Segment Start: DATA TO USE

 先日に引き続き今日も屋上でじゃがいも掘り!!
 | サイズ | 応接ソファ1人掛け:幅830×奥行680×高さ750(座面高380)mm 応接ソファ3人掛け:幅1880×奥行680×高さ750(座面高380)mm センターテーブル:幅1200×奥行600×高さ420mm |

Segment End: DATA TO USE
Segment Start: DATA TO USE

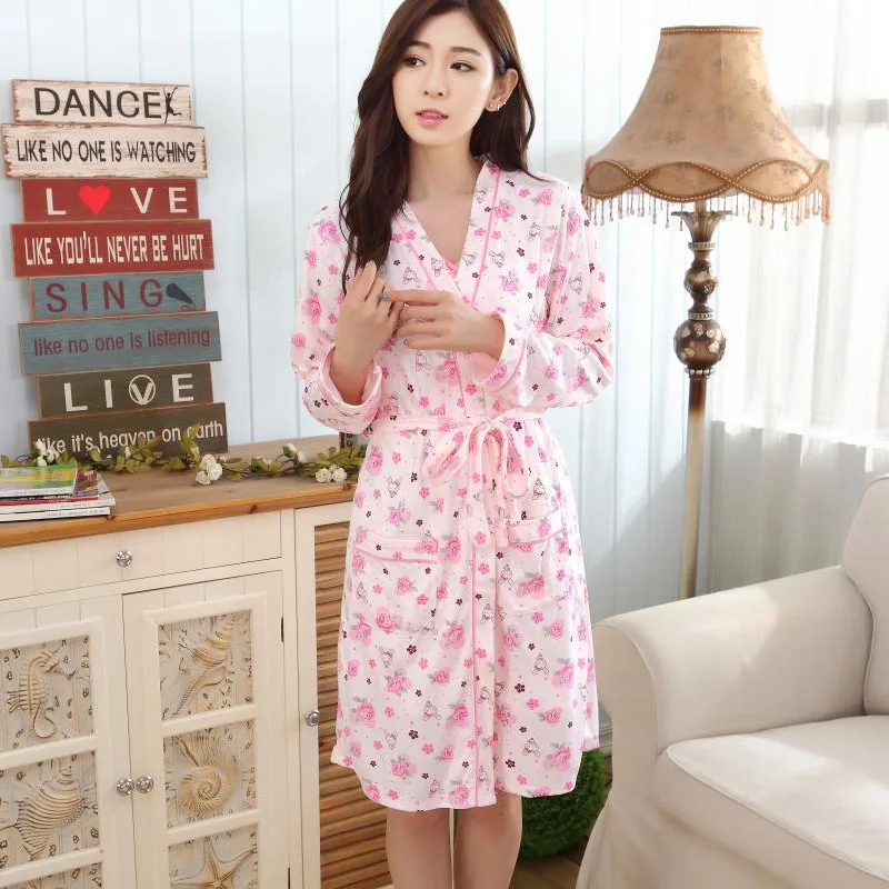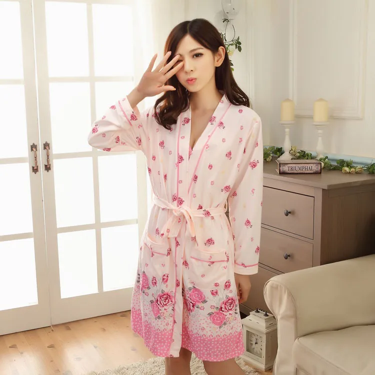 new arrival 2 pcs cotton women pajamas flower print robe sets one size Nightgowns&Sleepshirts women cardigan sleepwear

Segment End: DATA TO USE

• [PROBLEM REQUIREMENTS]:
In the listing above, find the line with "先日に引き続き今日も屋上でじゃがいも掘り!!" and the line with "サイズ | 応接ソファ1人掛け:幅830×奥行680×高さ750(座面高380)mm", then reproduce both and every line between them exactly.

• [RESULT BELOW]:
 先日に引き続き今日も屋上でじゃがいも掘り!!
 | サイズ | 応接ソファ1人掛け:幅830×奥行680×高さ750(座面高380)mm 応接ソファ3人掛け:幅1880×奥行680×高さ750(座面高380)mm センターテーブル:幅1200×奥行600×高さ420mm |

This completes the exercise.